**Exercise**. Would you return, word for word, the lines of the data below from the line with "四川康藏路橋有限責(zé)任" through the line with "Важно помнить и", and no others?

**Provided data**.

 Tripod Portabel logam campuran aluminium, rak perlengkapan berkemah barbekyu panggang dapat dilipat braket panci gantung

...

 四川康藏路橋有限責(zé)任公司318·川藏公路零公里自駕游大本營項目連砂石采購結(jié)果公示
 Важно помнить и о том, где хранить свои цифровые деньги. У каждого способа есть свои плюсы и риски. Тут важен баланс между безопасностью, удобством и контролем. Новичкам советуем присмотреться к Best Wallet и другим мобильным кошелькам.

**Answer space**.
 四川康藏路橋有限責(zé)任公司318·川藏公路零公里自駕游大本營項目連砂石采購結(jié)果公示
 Важно помнить и о том, где хранить свои цифровые деньги. У каждого способа есть свои плюсы и риски. Тут важен баланс между безопасностью, удобством и контролем. Новичкам советуем присмотреться к Best Wallet и другим мобильным кошелькам.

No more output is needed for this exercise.